The Mauritius investment fund regime has been perennially under scrutiny by global regulators. It has been a particular problem for the Indian regulators, given the closeness of the two countries and the tax advantages that have been afforded to Indian nationals from transacting through Mauritius. The Hindenburg report will only highlight those challenges once again.

High borrowings
The report alleges that many Adani companies have excessive borrowings relative to their profitability and industry norms (Table 1). Also, four of the seven group companies have ongoing free cash outflow issues. The data they present is below. The current ratio, compares a company’s short-term assets to short-term liabilities; a current ratio below 1.0 can indicate that a company may struggle to fund its near-term cash needs.

Table 1: Debt ratios of the Adani Group companies

Source: Hindenburg

As far as corporate borrowings are concerned, there isn’t a clear read-through that is available for corporate India and despite that vagueness Adani Group has been a special case. A recent Bank for International Settlements (BIS) study showed that the core debt of the Indian private non-financial sector fell to 87.8% of GDP between 2017 and June 2022 from 92.8% of GDP. The decline is mainly because of the reduction in debt levels of non-financial private corporations, which came down to 52.3% of GDP from 58.3% of GDP over the same period.

The Hindenburg report was the catalyst for further profit-taking in the Indian equity market and a significant correction in the Adani Enterprises’ share price. The 30-share Sensex index fell 2.7% on the week, with Adani Enterprises plunging 20%. Shares in Adani Enterprises are now down 34% from their highs in December.

Below, Chart 1 (normal scale) and Chart 2 (log scale) show just how extraordinary the surge in the share price of Adani Enterprises has been. Chart 2 shows that the share price rise is not just a phenomenon of the past three years but that the pace of the share price rise has largely remained intact since 2002, with a marked acceleration in performance 2020 onwards.

Chart 1: Adani share price

Chart 2: Adani share price (log scale)

Source: Bloomberg

The report is probably most compelling in questioning the sharp rise in the valuation of the parent company and its subsidiaries.

Table 2: Rise in share prices of Adani Group companies

As Table 3 shows, the valuation of Adani companies is at odds with the industry averages, even accepting that the Adani Group is a good manager of assets. As demonstrated earlier in this commentary, many Adani businesses suffer free cashflow deficits. They are burdened with a heavy debt load in an environment of rising interest rates and challenging credit markets.

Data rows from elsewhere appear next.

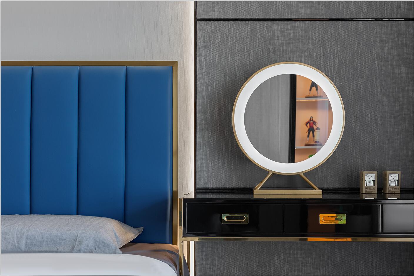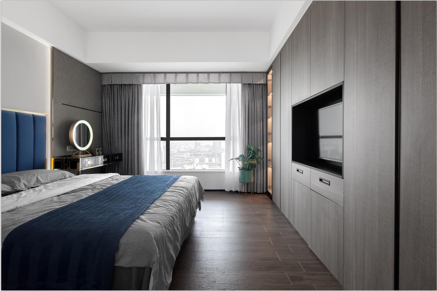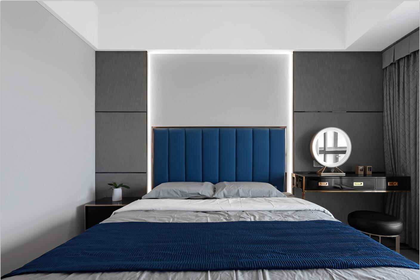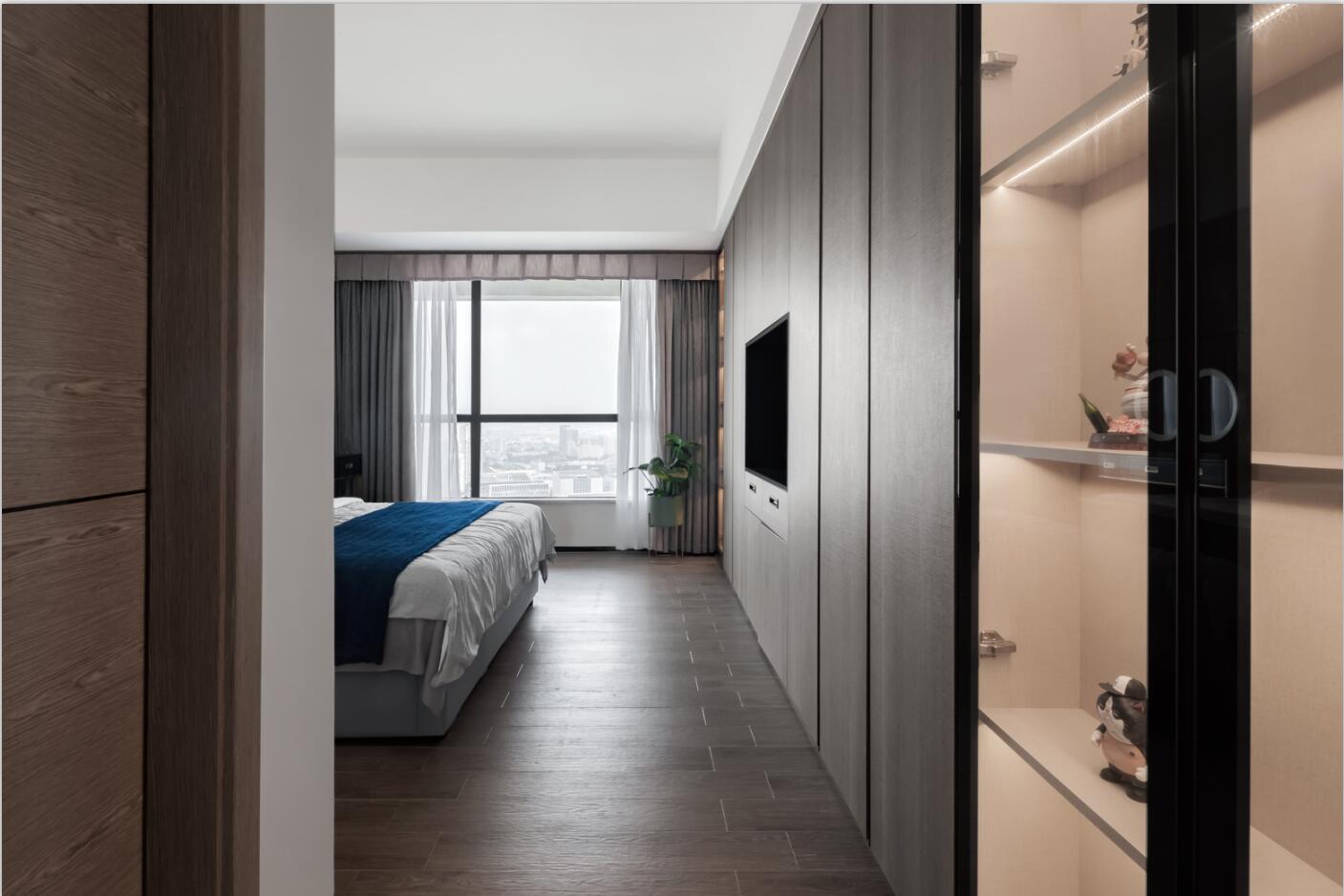 臥室的設計浸透著輕松的優雅,鈷藍色調與原木家具及木紋磚的結合,既能傳遞鈷藍的純凈、平和,也能展現木質的自然肌理,從而獲得寧靜而愜意的視覺體驗。
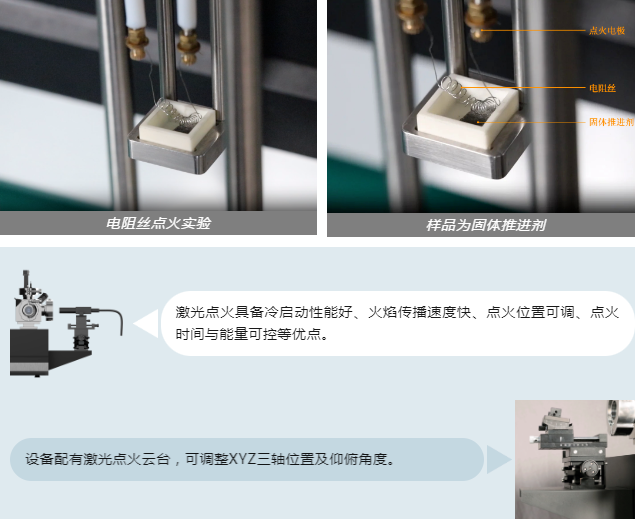 多種點火方式靈活可選:電阻絲點火、激光點火等。
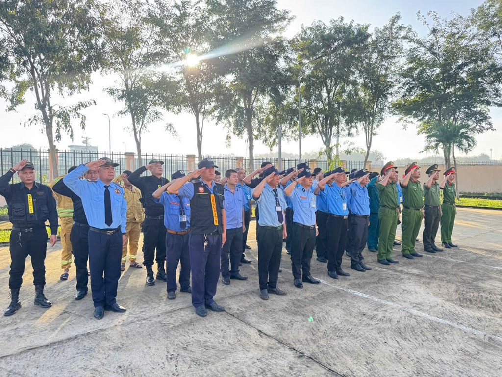 Cán bộ, chiến sĩ và đại diện các Tổ bảo vệ Khu công nghiệp Minh Hưng thực hiện nghi lễ chào cờ trước khi ra quân
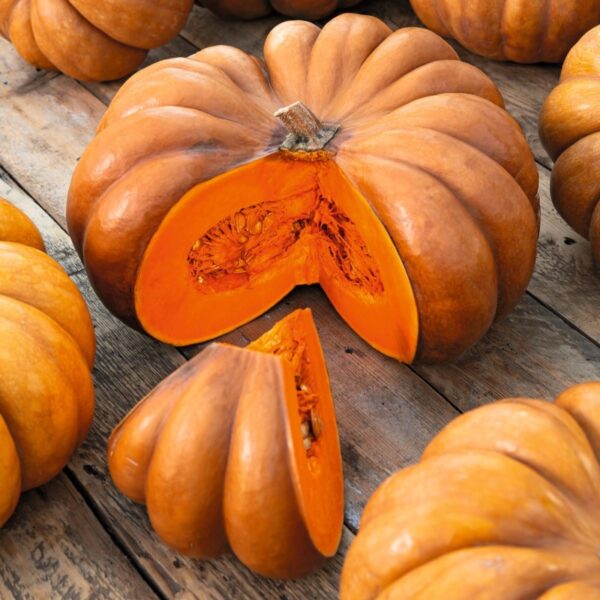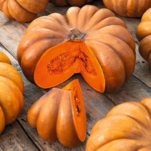 Variedade de crescimento forte, com frutos achatados, redondos e com nervuras, de polpa alaranjada. Crescimento e amadurecimento lentos. Aconselhada a colheita depois da cor da casca mudar para castanho-ocre.

Table 3: Comparative valuation for Adani businesses way above industry norms

We have our doubts, too.

1. Will the Adani Group be able to brush off the challenge and continue on its merry way? We doubt it. There are just too many dimensions to the Hindenburg report. While we agree with the critics of the report that some of the material is a rehash of stories published earlier, what the report has achieved is to put all those issues together in one story. It leaves the reader thinking as to why the group has not been brought to account?

2. Will the report have a broader impact on corporate governance in India? We hope so. It would only be good news that corporate India decides to shape up to conform to the global rules of corporate governance. The quicker it adheres to the international standards; the faster broader sources of global finance will be made available to the country’s corporate sector.

3. Will some of the criticism of Adani undermine the effectiveness of Modi’s government?The Adani Group is at the front and centre of the government’s efforts to transform India’s infrastructure. The funding of those ambitions must come from more than just domestic sources. Hence, we expect the government to press the Adani Group to be at least cognisant of the criticisms and placate international investors.